#### Collected data:
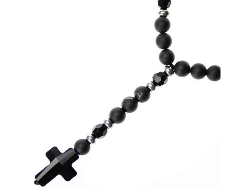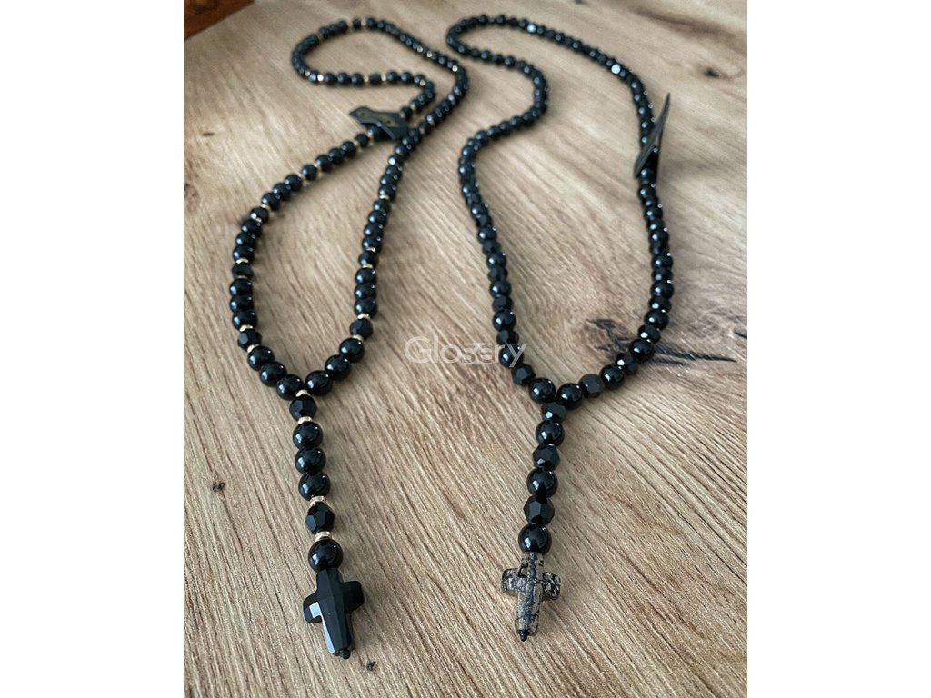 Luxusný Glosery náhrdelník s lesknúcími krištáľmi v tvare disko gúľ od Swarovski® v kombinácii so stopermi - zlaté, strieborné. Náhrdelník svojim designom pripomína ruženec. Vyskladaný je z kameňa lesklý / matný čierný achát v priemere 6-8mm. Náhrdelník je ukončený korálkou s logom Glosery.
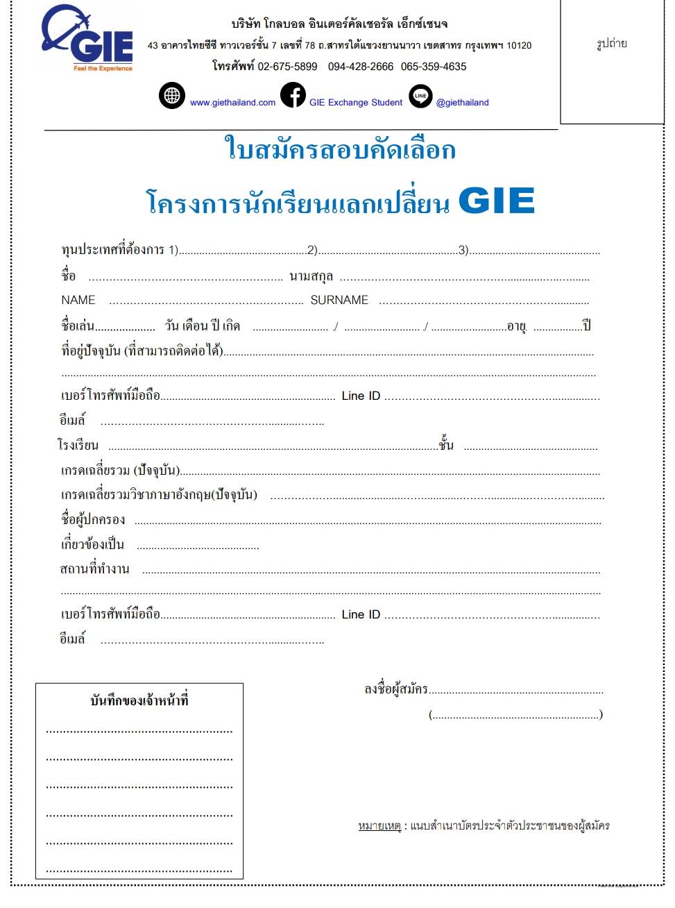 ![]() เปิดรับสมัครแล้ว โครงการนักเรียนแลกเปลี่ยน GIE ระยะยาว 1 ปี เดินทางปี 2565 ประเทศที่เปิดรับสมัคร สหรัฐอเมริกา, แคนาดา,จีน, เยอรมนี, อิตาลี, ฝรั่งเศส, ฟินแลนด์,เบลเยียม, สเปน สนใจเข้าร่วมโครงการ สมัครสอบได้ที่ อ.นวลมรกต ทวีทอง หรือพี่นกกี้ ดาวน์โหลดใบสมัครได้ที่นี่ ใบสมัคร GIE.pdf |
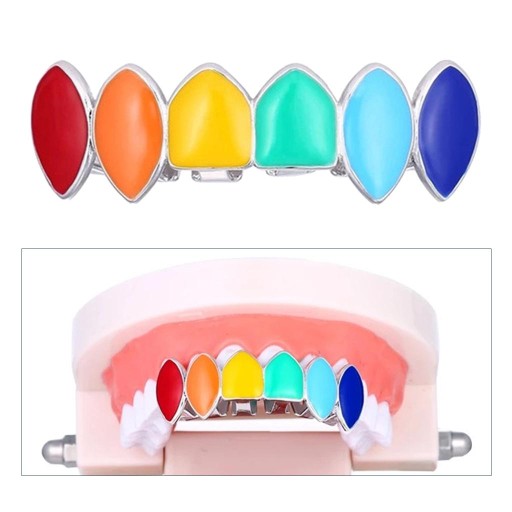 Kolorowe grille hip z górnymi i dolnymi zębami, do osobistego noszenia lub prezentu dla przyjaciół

#### Assignment:
Your job is to reproduce the material exactly. Keep pictures out of it.

#### Finished exercise:
 Luxusný Glosery náhrdelník s lesknúcími krištáľmi v tvare disko gúľ od Swarovski® v kombinácii so stopermi - zlaté, strieborné. Náhrdelník svojim designom pripomína ruženec. Vyskladaný je z kameňa lesklý / matný čierný achát v priemere 6-8mm. Náhrdelník je ukončený korálkou s logom Glosery.
 ![]() เปิดรับสมัครแล้ว โครงการนักเรียนแลกเปลี่ยน GIE ระยะยาว 1 ปี เดินทางปี 2565 ประเทศที่เปิดรับสมัคร สหรัฐอเมริกา, แคนาดา,จีน, เยอรมนี, อิตาลี, ฝรั่งเศส, ฟินแลนด์,เบลเยียม, สเปน สนใจเข้าร่วมโครงการ สมัครสอบได้ที่ อ.นวลมรกต ทวีทอง หรือพี่นกกี้ ดาวน์โหลดใบสมัครได้ที่นี่ ใบสมัคร GIE.pdf |
 Kolorowe grille hip z górnymi i dolnymi zębami, do osobistego noszenia lub prezentu dla przyjaciół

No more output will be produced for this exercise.